> DATA TO PROCESS
+++++
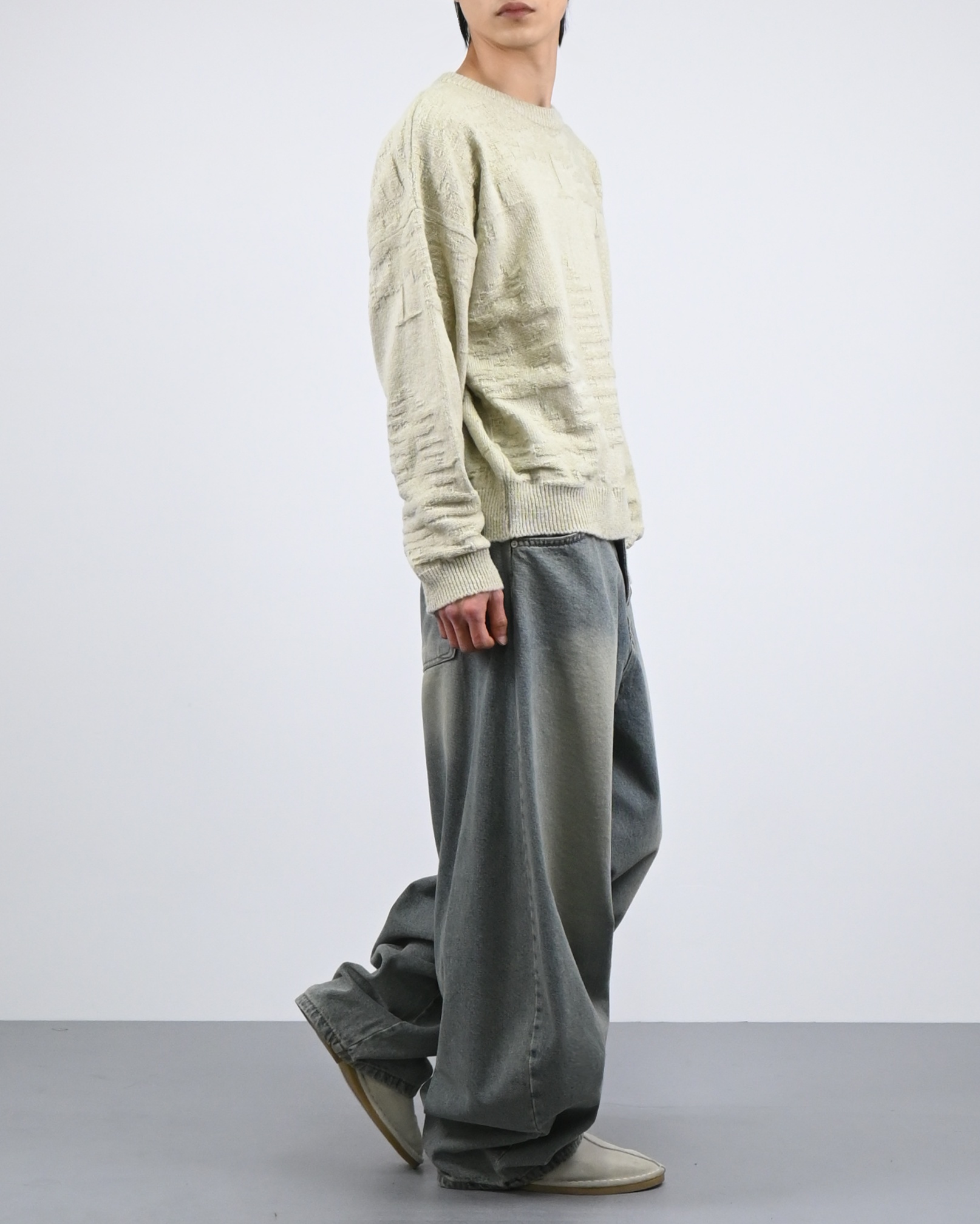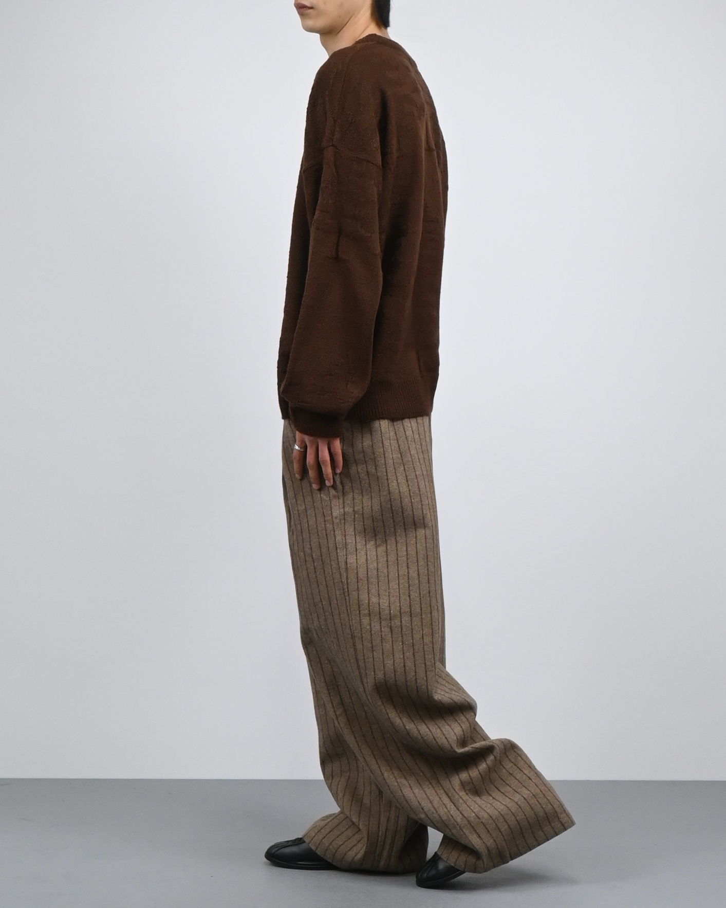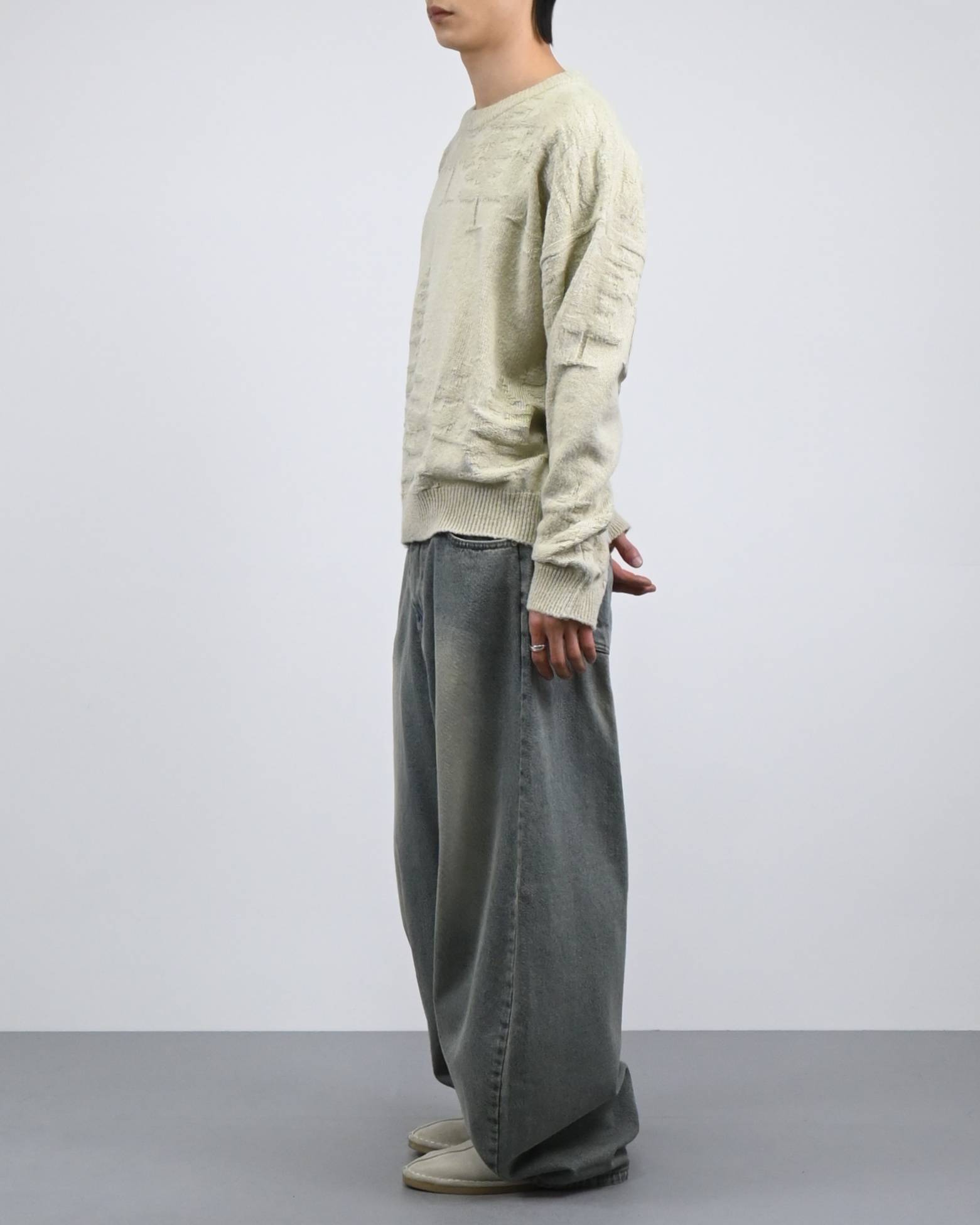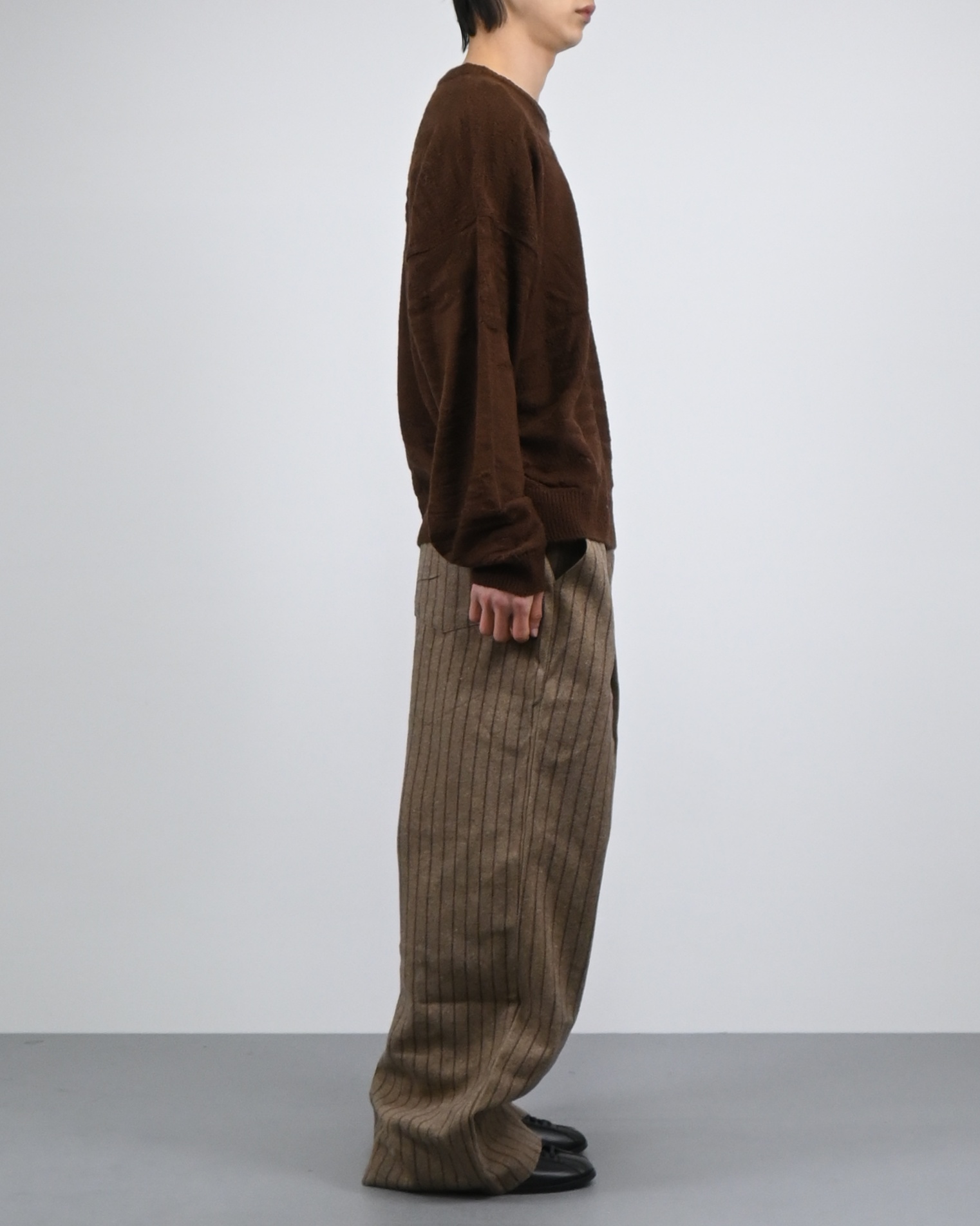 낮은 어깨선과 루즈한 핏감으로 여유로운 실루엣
+++++
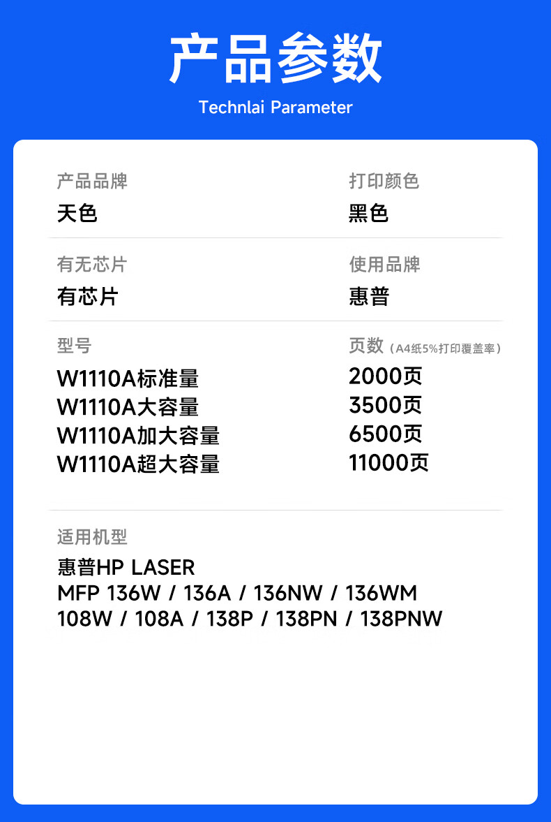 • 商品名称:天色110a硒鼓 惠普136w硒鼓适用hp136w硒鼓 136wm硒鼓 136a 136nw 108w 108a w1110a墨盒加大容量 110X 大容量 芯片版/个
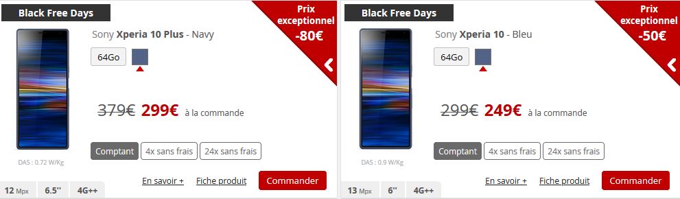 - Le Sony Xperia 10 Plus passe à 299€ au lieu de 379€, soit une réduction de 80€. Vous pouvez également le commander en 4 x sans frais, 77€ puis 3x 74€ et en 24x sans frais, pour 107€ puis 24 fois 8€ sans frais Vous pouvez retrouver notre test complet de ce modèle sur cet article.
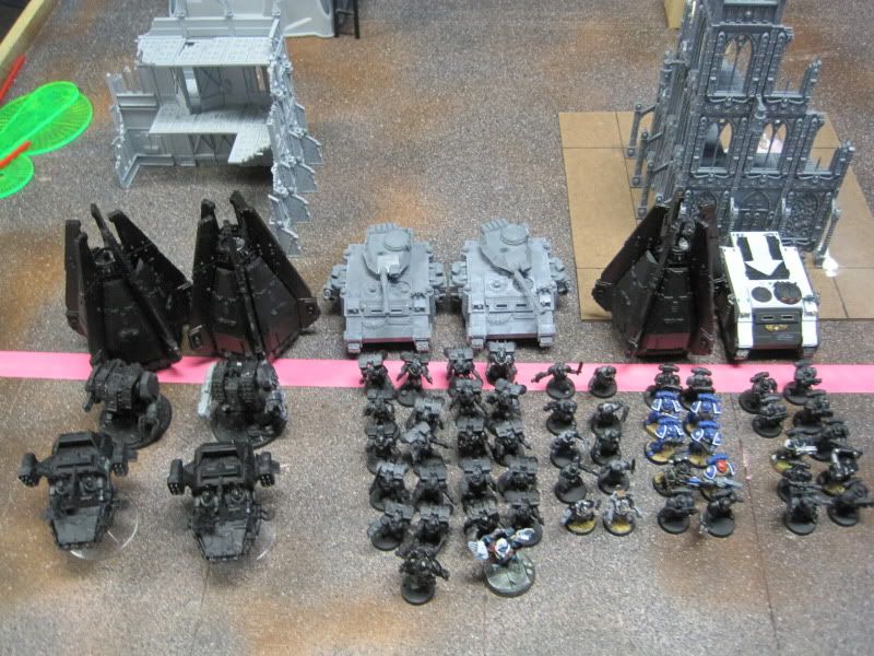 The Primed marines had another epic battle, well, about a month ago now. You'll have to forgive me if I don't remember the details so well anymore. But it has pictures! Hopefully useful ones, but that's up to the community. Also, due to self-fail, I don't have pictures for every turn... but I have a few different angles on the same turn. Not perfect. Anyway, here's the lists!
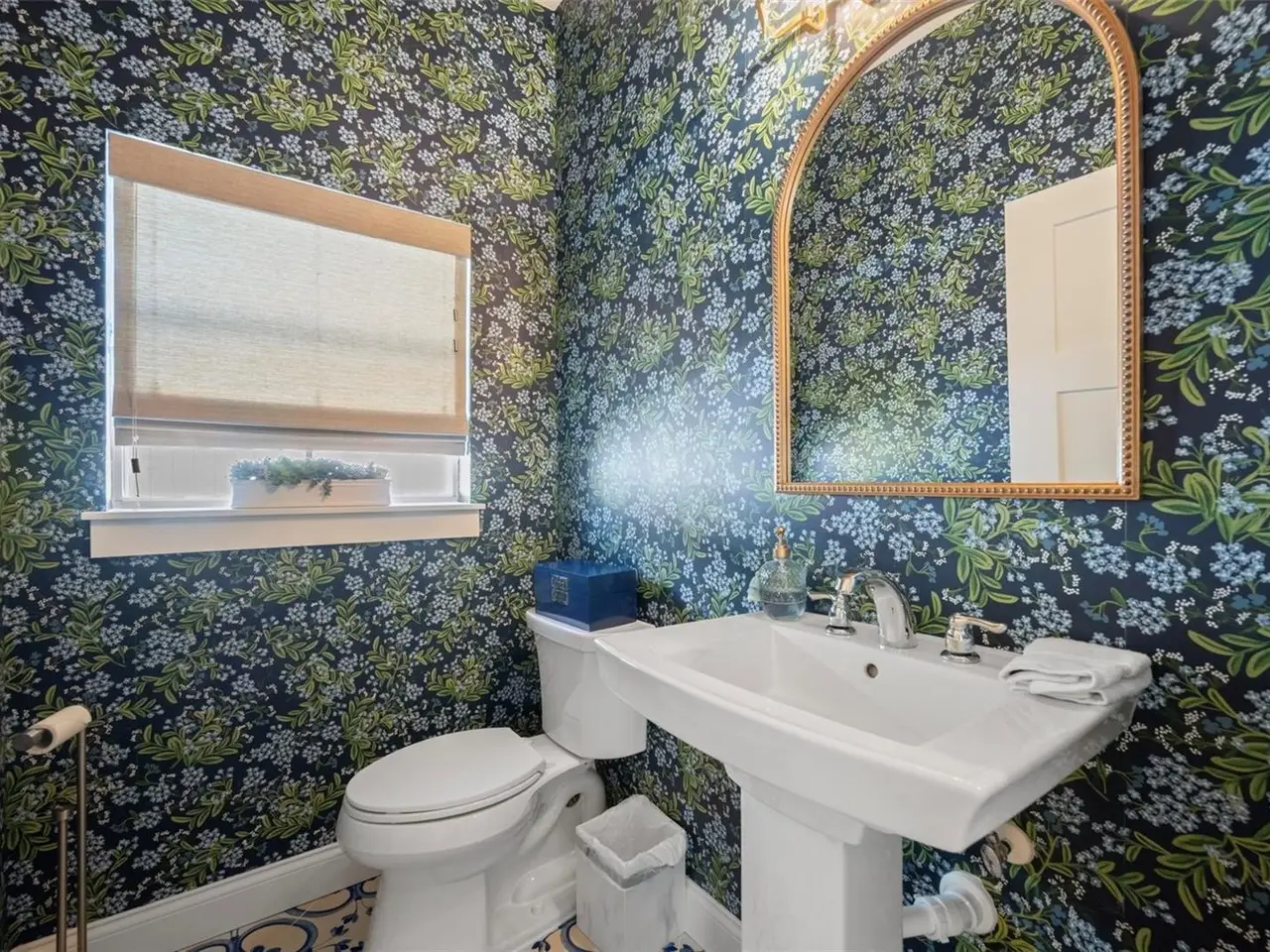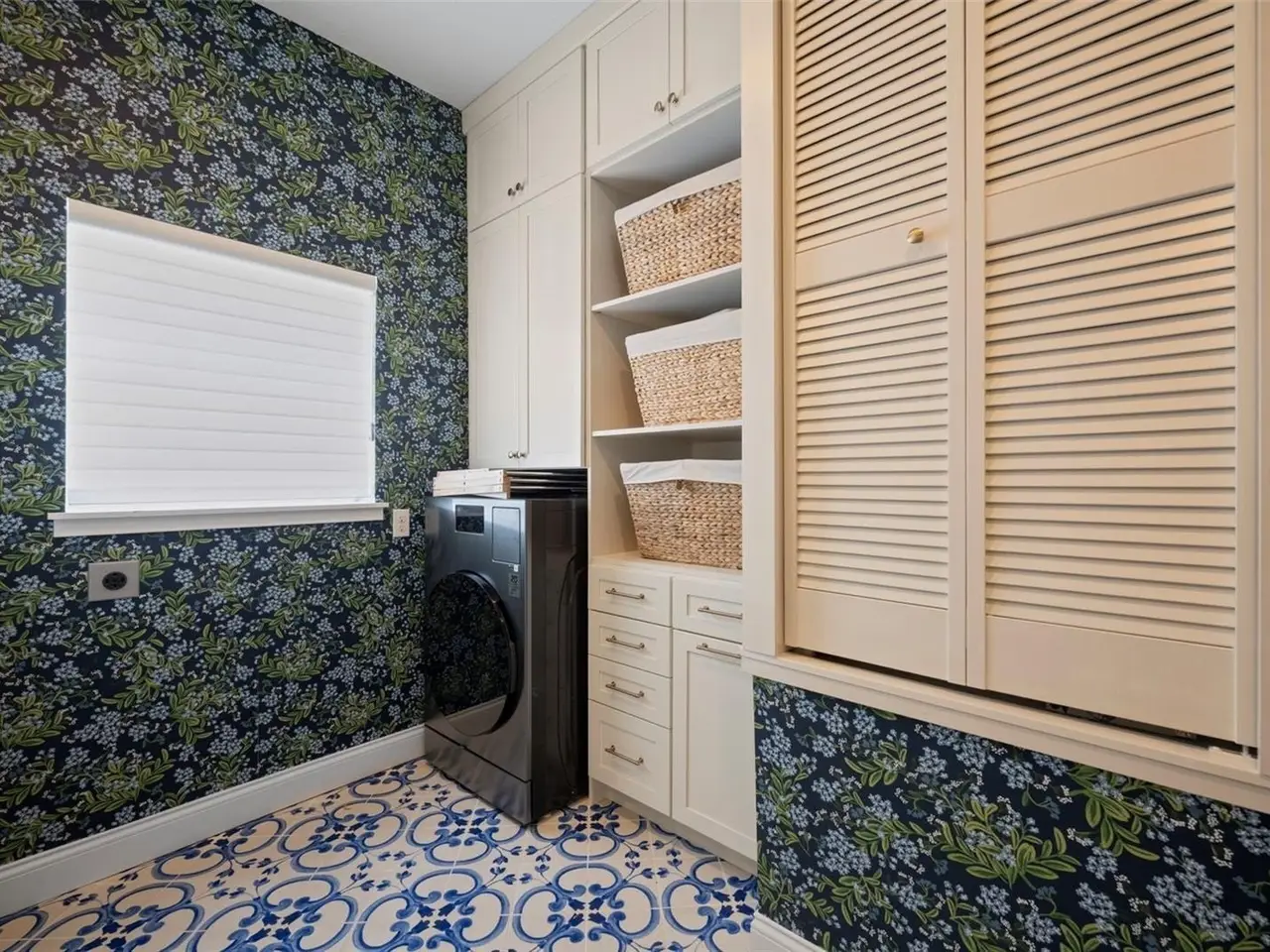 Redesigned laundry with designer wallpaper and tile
+++++
> DESCRIPTION OF THE TASK
The lines to reproduce run from the one above containing "110X 大容量 芯片版/个" through the one containing "Redesigned laundry with". Copy them exactly and leave out all pictures.

> OUTPUT FOR THIS EXERCISE
 • 商品名称:天色110a硒鼓 惠普136w硒鼓适用hp136w硒鼓 136wm硒鼓 136a 136nw 108w 108a w1110a墨盒加大容量 110X 大容量 芯片版/个
 - Le Sony Xperia 10 Plus passe à 299€ au lieu de 379€, soit une réduction de 80€. Vous pouvez également le commander en 4 x sans frais, 77€ puis 3x 74€ et en 24x sans frais, pour 107€ puis 24 fois 8€ sans frais Vous pouvez retrouver notre test complet de ce modèle sur cet article.
 The Primed marines had another epic battle, well, about a month ago now. You'll have to forgive me if I don't remember the details so well anymore. But it has pictures! Hopefully useful ones, but that's up to the community. Also, due to self-fail, I don't have pictures for every turn... but I have a few different angles on the same turn. Not perfect. Anyway, here's the lists!
 Redesigned laundry with designer wallpaper and tile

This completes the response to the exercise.